_He_ had done it. They all seemed to remember the day, the hour, the party, the occasion--to feel the same consciousness, the same regrets--to be ready to return to the same good understanding; and they were just growing again like themselves, (Harriet, as Emma must suspect, as ready as the best of them to be cordial and happy,) when the carriage reappeared, and all was over. The style of the visit, and the shortness of it, were then felt to be decisive. Fourteen minutes to be given to those with whom she had thankfully passed six weeks not six months ago!--Emma could not but picture it all, and feel how justly they might resent, how naturally Harriet must suffer. It was a bad business. She would have given a great deal, or endured a great deal, to have had the Martins in a higher rank of life. They were so deserving, that a _little_ higher should have been enough: but as it was, how could she have done otherwise?--Impossible!--She could not repent. They must be separated; but there was a great deal of pain in the process-- so much to herself at this time, that she soon felt the necessity of a little consolation, and resolved on going home by way of Randalls to procure it. Her mind was quite sick of Mr. Elton and the Martins. The refreshment of Randalls was absolutely necessary.

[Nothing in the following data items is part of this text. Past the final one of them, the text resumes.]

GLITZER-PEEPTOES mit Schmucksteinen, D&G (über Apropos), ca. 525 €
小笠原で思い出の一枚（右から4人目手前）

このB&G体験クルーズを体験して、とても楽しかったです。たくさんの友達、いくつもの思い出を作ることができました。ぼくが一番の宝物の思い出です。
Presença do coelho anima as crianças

It was a good scheme; but on driving to the door they heard that neither "master nor mistress was at home;" they had both been out some time; the man believed they were gone to Hartfield.

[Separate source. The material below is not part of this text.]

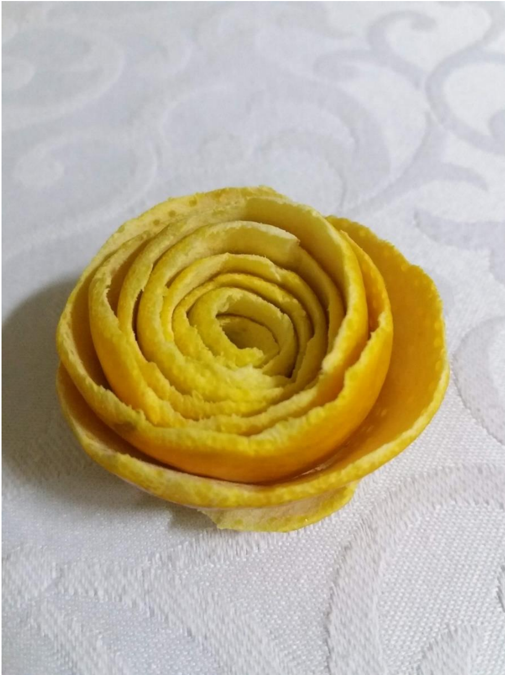
Imagem 6. Roseli Nery. Escultura cítrica 6, fotografia digital, Rio Grande, 2020.

"This is too bad," cried Emma, as they turned away. "And now we shall just miss them; too provoking!--I do not know when I have been so disappointed." And she leaned back in the corner, to indulge her murmurs, or to reason them away; probably a little of both-- such being the commonest process of a not ill-disposed mind. Presently the carriage stopt; she looked up; it was stopt by Mr. and Mrs. Weston, who were standing to speak to her. There was instant pleasure in the sight of them, and still greater pleasure was conveyed in sound--for Mr. Weston immediately accosted her with,
"How d'ye do?--how d'ye do?--We have been sitting with your father-- glad to see him so well. Frank comes to-morrow--I had a letter this morning--we see him to-morrow by dinner-time to a certainty-- he is at Oxford to-day, and he comes for a whole fortnight; I knew it would be so. If he had come at Christmas he could not have staid three days; I was always glad he did not come at Christmas; now we are going to have just the right weather for him, fine, dry, settled weather. We shall enjoy him completely; every thing has turned out exactly as we could wish."

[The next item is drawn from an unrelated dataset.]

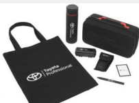
Zestaw prezentowy Professional Gadżety
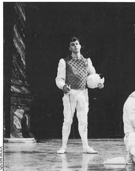
Escenes d'«El despertar de la primavera». Les eternes preguntes de l'individu davant la vida i la mort. Sense concessions.

veuen, esmaperdudes, com penetra el misteri, s'inflama i mor descobrint el secret.

There was no resisting such news, no possibility of avoiding the influence of such a happy face as Mr. Weston's, confirmed as it all was by the words and the countenance of his wife, fewer and quieter, but not less to the purpose. To know that _she_ thought his coming certain was enough to make Emma consider it so, and sincerely did she rejoice in their joy. It was a most delightful reanimation of exhausted spirits. The worn-out past was sunk in the freshness of what was coming; and in the rapidity of half a moment's thought, she hoped Mr. Elton would now be talked of no more.
Mr. Weston gave her the history of the engagements at Enscombe, which allowed his son to answer for having an entire fortnight at his command, as well as the route and the method of his journey; and she listened, and smiled, and congratulated.
"I shall soon bring him over to Hartfield," said he, at the conclusion.
Emma could imagine she saw a touch of the arm at this speech, from his wife.
"We had better move on, Mr. Weston," said she, "we are detaining the girls."
"Well, well, I am ready;"--and turning again to Emma, "but you must not be expecting such a _very_ fine young man; you have only had _my_ account you know; I dare say he is really nothing extraordinary:"-- though his own sparkling eyes at the moment were speaking a very different conviction.
Emma could look perfectly unconscious and innocent, and answer in a manner that appropriated nothing.